Berry Plastics ponders strategies

Berry Plastics Corp., owner of Packerware Corp. in Lawrence, says it is “exploring strategic alternatives” that could include selling the company or taking it public, all with the intent of maximizing shareholder value for its owners.

Berry has been exploring the possibilities for at least several weeks and has yet to make any decisions through the process, the company said.

“The company offers no assurance that any transaction will occur or, if one is undertaken, its terms or timing,” the company said, in a statement. “The company does not expect to publicly disclose developments with respect to the exploration of strategic alternatives.”

Earlier this year, Berry received approval from the Lawrence City Commission for a 10-year, 90 percent abatement on property taxes for a planned $118 million expansion of its Packerware plant in Lawrence. The project calls for adding 78 jobs at the plant during its first three years, a number that would be expected to grow to 154 by the end of year five.

Nothing has changed since commissioners approved the project in January, said Robert Weilminster, Berry’s vice president for corporate development.

“The Lawrence project is moving ahead, just as it has been outlined,” Weilminster said Tuesday.

The project calls for upgrading the plant’s technology so that Packerware could use less plastic in its manufacturing of drink cups, kitchenware, garden tools and other products.

Berry Plastics Corp., owner of Packerware Corp., is considering various options to maximize shareholder value. Among the options are a possible sale or taking the company public. Packerware employs about 450 workers at this 470,000-square foot plant at 2330 Packer Road in Lawrence.

The plant produced $79.4 million worth of products in 2004.

The company plans to start hiring 43 employees for the project no later than the third quarter of this year, and to have a new line of cups running by the end of the year.

Berry, based in Evansville, Ind., is a manufacturer of molded plastic products.

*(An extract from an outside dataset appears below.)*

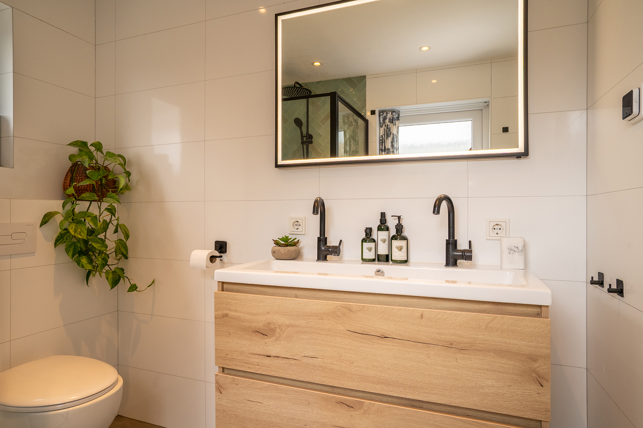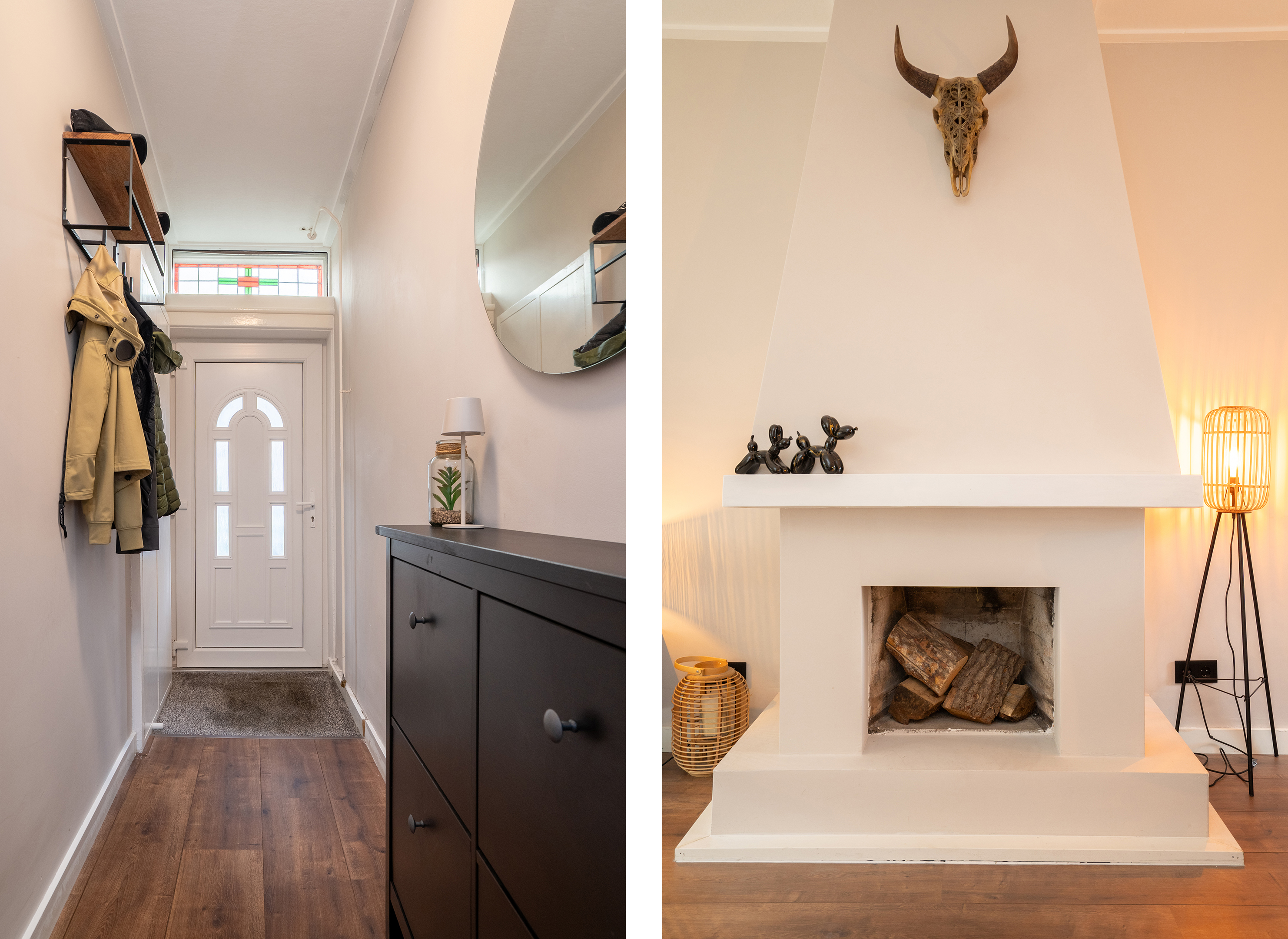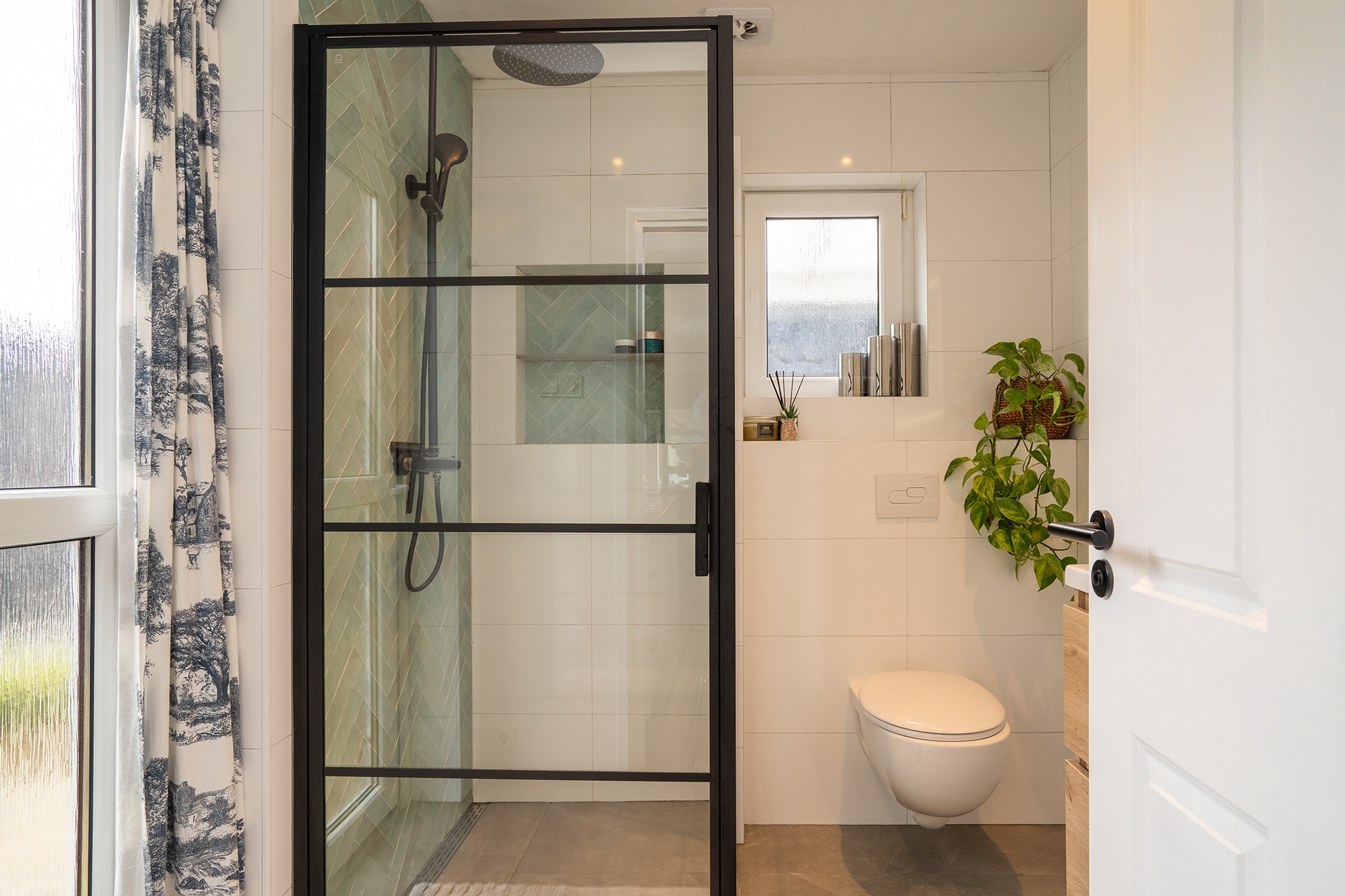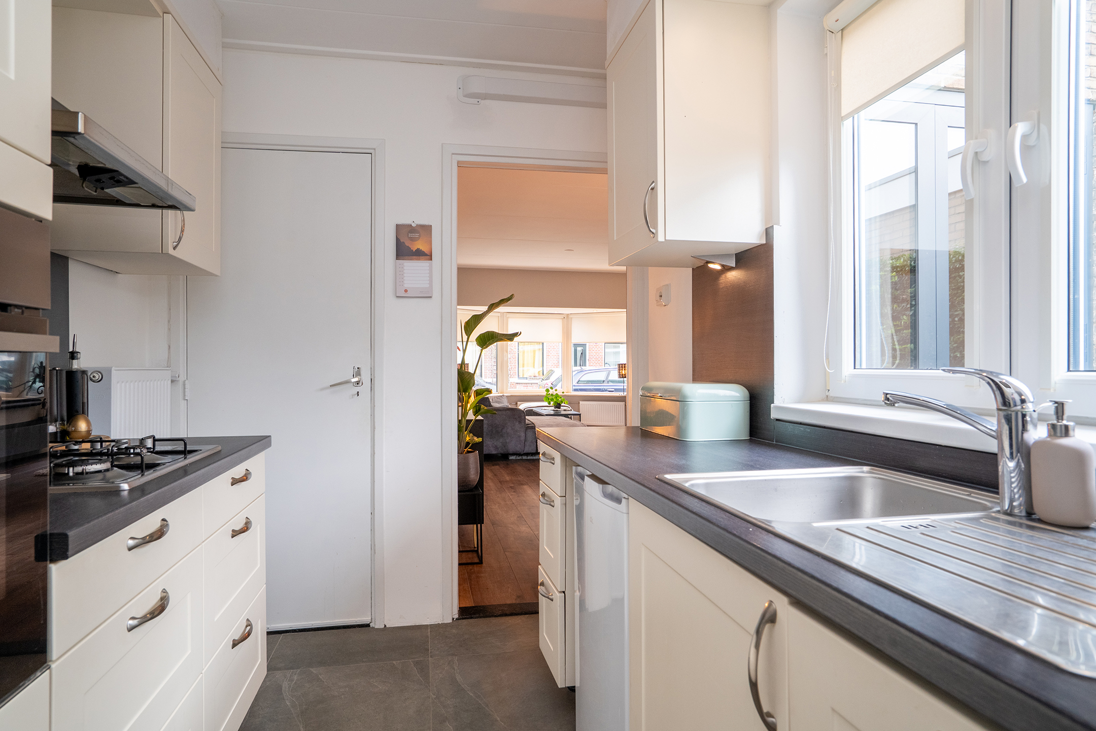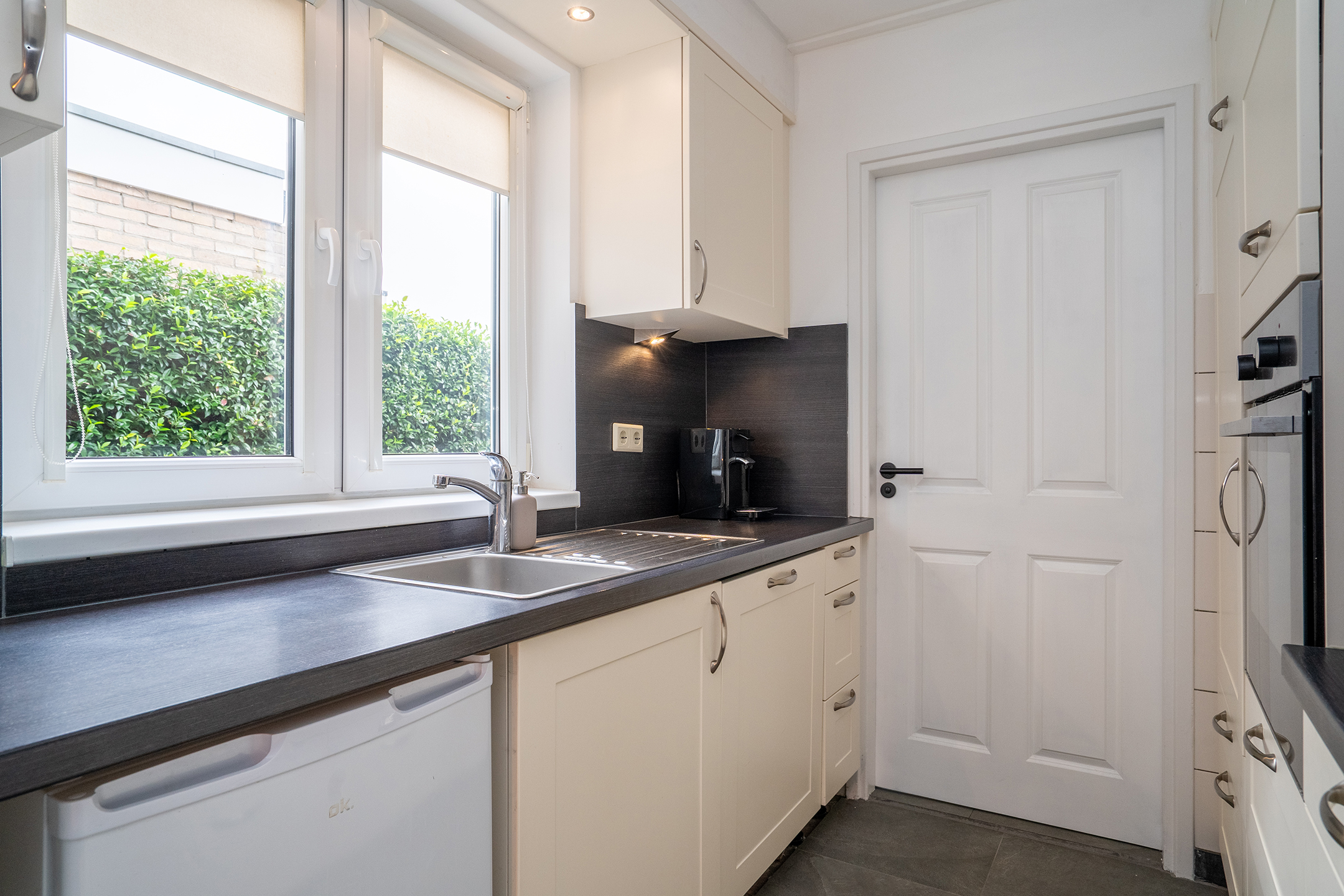 Begane grond: Je komt binnen in de lichte entree met trapopgang en toegang tot de ruime woonkamer. Dankzij de grote raampartijen aan de voorzijde is er veel natuurlijk licht. Aan de achterzijde is er ruimte voor een eethoek met direct zicht op de tuin. De keuken is compact maar praktisch ingedeeld en grenst aan de badkamer met douche, dubbele wastafel en toilet.

It is a portfolio company of Goldman Sachs Capital Partners and JP Morgan Partners, part of an investment group known as BPC Holding Corp.

In its statement, Berry said it had retained Goldman Sachs and JP Morgan as its financial advisers to assist in exploring strategic alternatives.

Earl Kemper, principal for Plastics Research Associates, an independent market research firm in Houston, said that such alternatives could include selling portions of the company, or selling to a single buyer who then might consider splitting the company.

Kemper said he could not think of a U.S. plastics company that would be a likely candidate for buying Berry with the intent of maintaining all of its holdings.

“It may be worth more broken apart than put together,” said Kemper, who declined to speculate on a possible sales price.

Taking the company public might make more sense, he said, given that the overall plastics market was growing slightly faster than the overall economy.